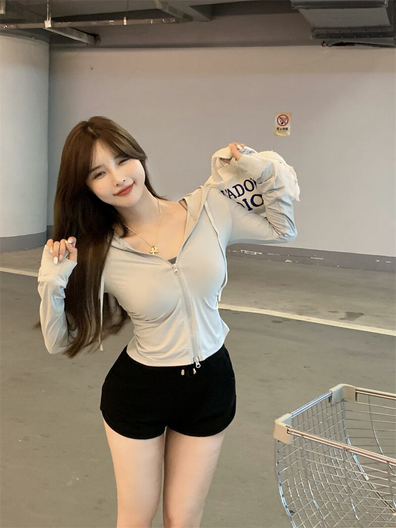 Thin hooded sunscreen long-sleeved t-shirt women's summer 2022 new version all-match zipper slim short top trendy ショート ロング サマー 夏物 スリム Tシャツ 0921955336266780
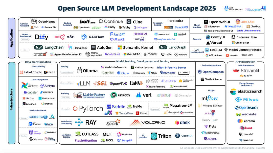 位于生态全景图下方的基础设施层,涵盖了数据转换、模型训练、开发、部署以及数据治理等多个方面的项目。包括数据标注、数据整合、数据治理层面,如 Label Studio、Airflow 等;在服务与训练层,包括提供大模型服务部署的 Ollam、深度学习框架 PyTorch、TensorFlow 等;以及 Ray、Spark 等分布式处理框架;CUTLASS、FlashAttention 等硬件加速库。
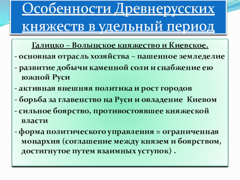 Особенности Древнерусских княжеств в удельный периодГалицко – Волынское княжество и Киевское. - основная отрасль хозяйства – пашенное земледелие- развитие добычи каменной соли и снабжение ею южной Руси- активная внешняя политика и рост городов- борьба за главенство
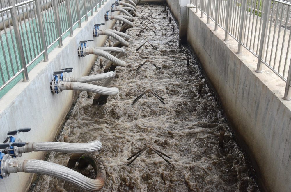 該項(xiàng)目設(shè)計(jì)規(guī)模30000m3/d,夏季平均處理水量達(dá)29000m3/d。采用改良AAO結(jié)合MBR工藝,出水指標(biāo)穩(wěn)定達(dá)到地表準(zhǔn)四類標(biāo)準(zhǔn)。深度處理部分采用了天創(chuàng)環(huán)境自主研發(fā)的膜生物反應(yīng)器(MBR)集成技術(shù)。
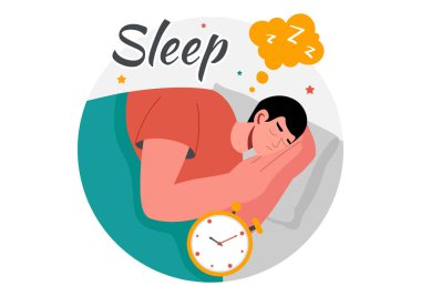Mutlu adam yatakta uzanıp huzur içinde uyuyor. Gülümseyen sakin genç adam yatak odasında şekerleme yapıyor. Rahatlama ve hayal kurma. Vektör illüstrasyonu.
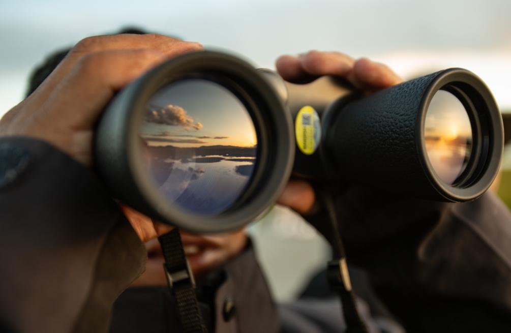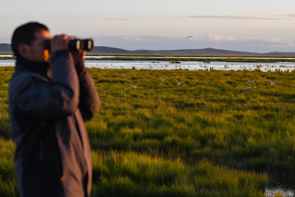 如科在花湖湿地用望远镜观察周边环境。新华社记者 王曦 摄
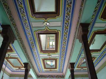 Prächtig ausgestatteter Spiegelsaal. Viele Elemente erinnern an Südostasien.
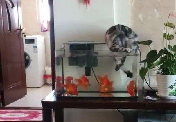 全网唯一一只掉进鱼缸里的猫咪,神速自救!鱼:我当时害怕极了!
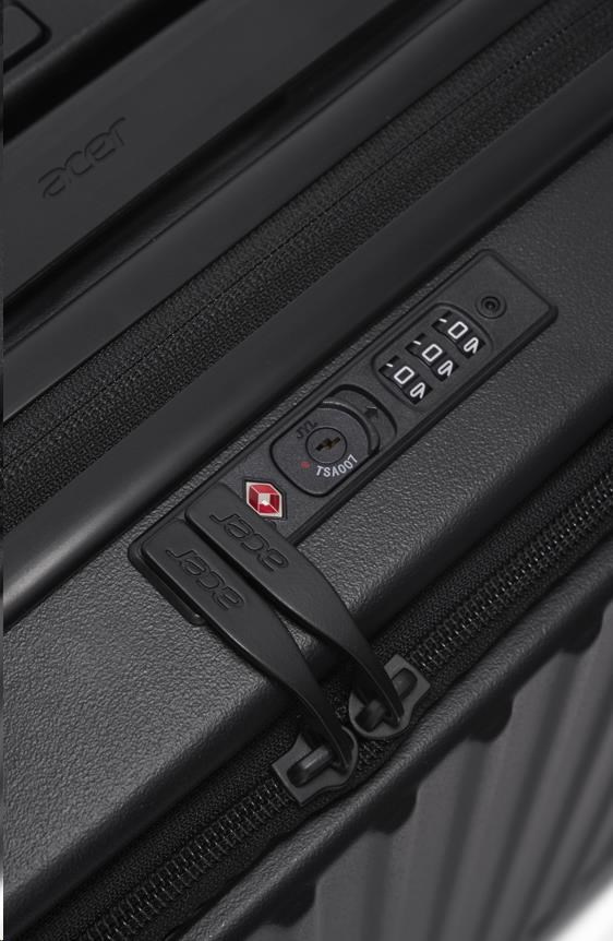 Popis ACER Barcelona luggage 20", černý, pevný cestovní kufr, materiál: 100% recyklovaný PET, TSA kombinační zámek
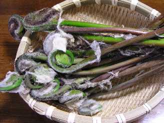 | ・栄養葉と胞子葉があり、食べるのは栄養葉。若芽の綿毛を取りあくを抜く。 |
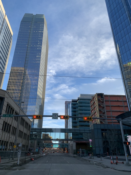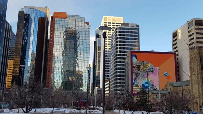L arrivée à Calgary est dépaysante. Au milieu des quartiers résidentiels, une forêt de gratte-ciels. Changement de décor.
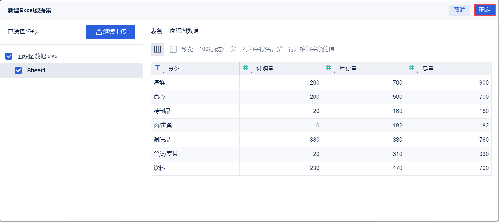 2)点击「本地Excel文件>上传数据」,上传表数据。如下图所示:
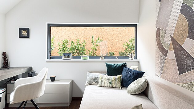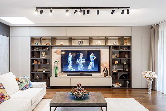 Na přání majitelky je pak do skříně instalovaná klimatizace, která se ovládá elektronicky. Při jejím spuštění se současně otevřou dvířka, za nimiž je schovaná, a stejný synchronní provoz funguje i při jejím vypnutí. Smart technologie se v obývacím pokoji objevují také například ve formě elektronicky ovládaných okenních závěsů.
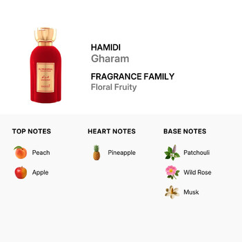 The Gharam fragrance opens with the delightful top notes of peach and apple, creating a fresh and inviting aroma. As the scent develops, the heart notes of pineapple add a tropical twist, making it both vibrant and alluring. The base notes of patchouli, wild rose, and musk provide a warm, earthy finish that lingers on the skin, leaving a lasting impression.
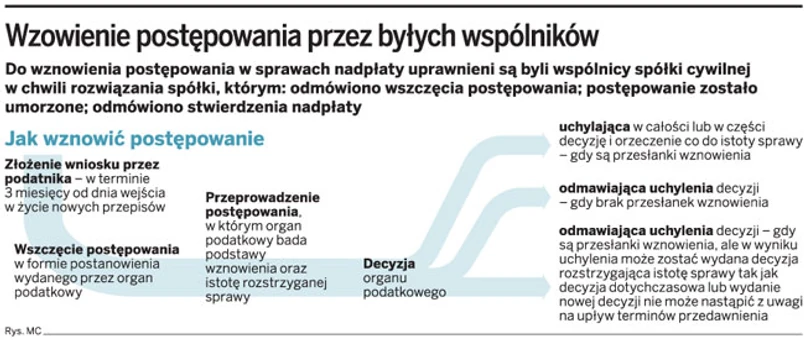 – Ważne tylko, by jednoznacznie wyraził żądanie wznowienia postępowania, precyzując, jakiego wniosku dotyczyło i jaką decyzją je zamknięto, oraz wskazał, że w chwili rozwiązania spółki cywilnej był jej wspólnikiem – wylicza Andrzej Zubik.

________________________

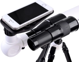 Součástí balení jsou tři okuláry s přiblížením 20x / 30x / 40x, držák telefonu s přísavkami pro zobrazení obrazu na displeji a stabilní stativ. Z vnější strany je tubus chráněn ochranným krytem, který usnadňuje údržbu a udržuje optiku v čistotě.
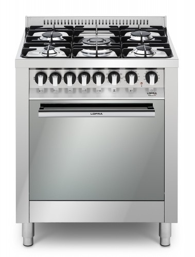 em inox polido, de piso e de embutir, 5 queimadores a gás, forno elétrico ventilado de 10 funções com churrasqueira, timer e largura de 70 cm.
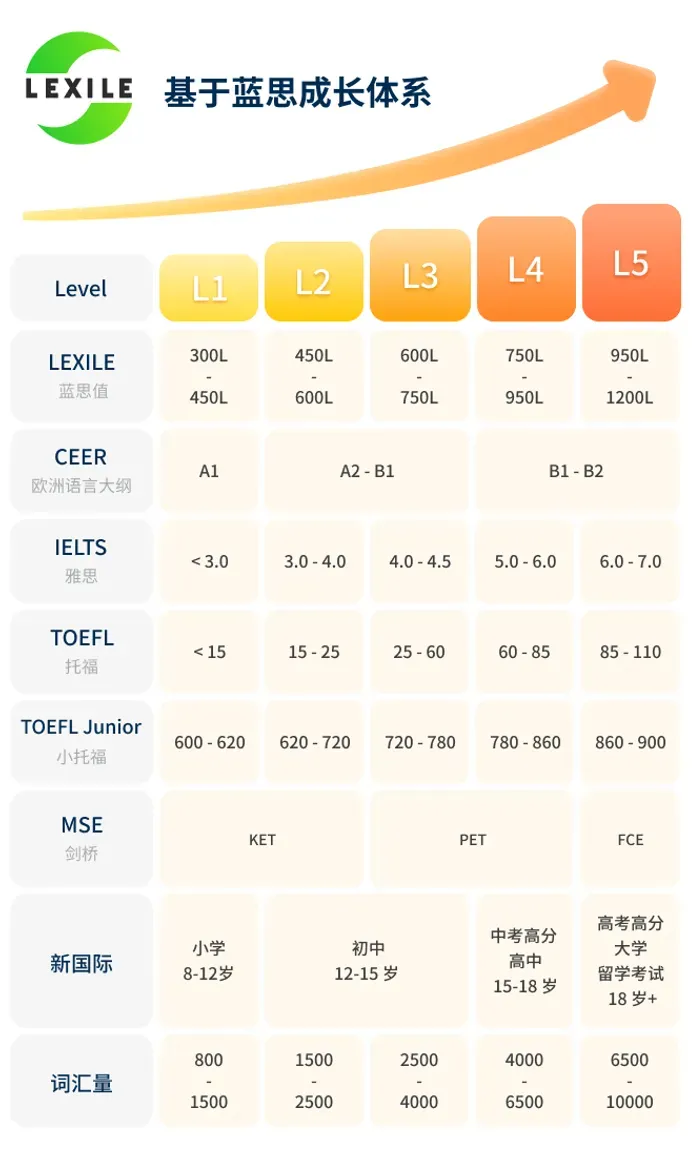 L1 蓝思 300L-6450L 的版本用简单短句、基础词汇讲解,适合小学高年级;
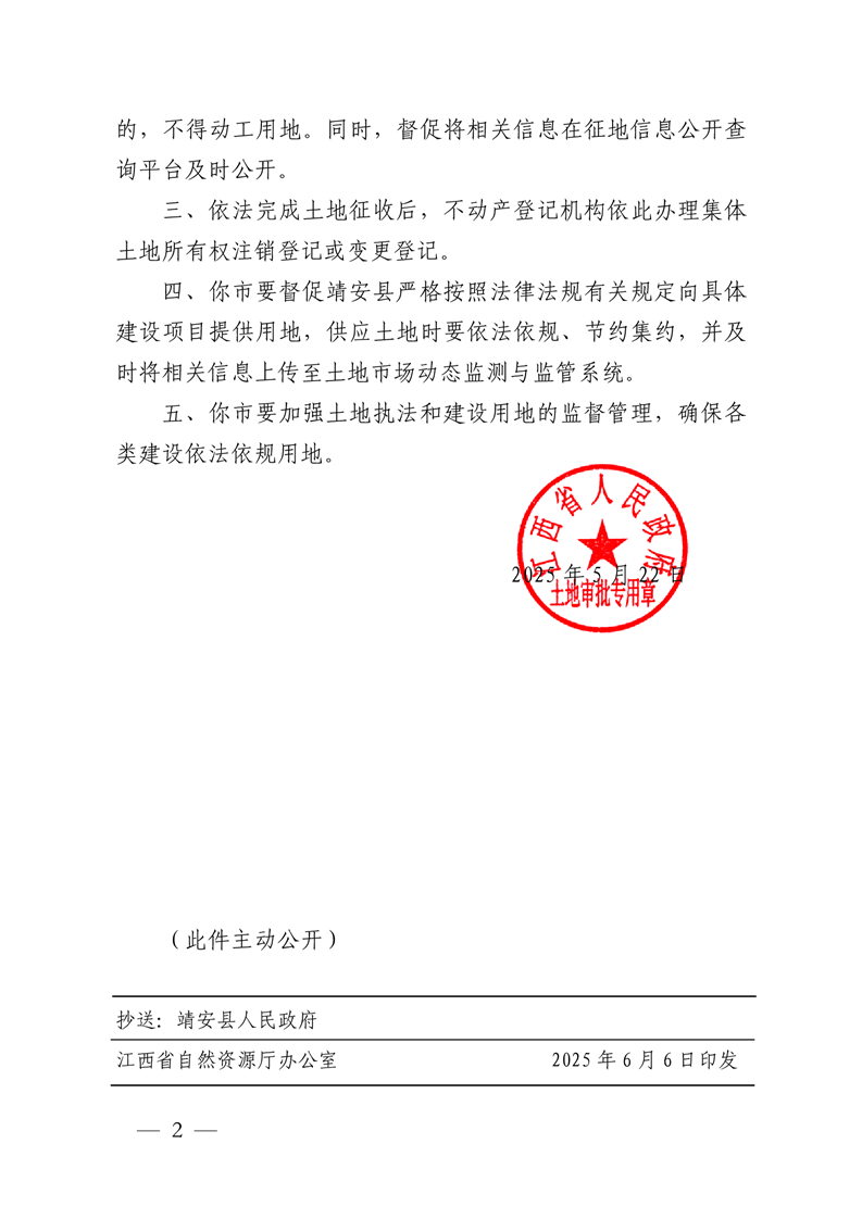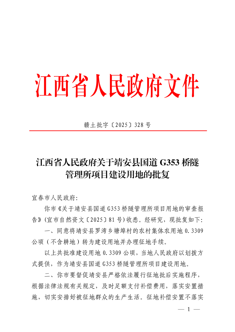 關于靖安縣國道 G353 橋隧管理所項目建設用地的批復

________________________

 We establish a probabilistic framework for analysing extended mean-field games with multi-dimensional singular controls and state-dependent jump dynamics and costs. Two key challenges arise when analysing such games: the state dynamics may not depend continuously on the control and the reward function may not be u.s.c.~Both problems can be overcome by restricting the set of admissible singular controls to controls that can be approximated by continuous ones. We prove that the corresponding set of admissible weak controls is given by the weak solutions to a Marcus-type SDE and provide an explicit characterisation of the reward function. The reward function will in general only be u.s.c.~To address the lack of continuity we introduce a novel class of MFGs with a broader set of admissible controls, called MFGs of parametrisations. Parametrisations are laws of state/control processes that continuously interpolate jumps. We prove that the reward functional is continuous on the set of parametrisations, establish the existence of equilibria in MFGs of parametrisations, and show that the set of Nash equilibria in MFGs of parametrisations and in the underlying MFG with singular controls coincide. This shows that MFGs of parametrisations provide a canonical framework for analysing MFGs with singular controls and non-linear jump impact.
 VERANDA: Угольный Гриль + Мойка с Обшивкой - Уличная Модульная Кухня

________________________

## EXERCISE DIRECTIONS
Nothing but the lines from the one with "Особенности Древнерусских княжеств" to the one with "該項(xiàng)目設(sh" above, both included, should be transcribed, exactly and without pictures.

## EXERCISE RESPONSE
 Особенности Древнерусских княжеств в удельный периодГалицко – Волынское княжество и Киевское. - основная отрасль хозяйства – пашенное земледелие- развитие добычи каменной соли и снабжение ею южной Руси- активная внешняя политика и рост городов- борьба за главенство
 該項(xiàng)目設(shè)計(jì)規(guī)模30000m3/d,夏季平均處理水量達(dá)29000m3/d。采用改良AAO結(jié)合MBR工藝,出水指標(biāo)穩(wěn)定達(dá)到地表準(zhǔn)四類標(biāo)準(zhǔn)。深度處理部分采用了天創(chuàng)環(huán)境自主研發(fā)的膜生物反應(yīng)器(MBR)集成技術(shù)。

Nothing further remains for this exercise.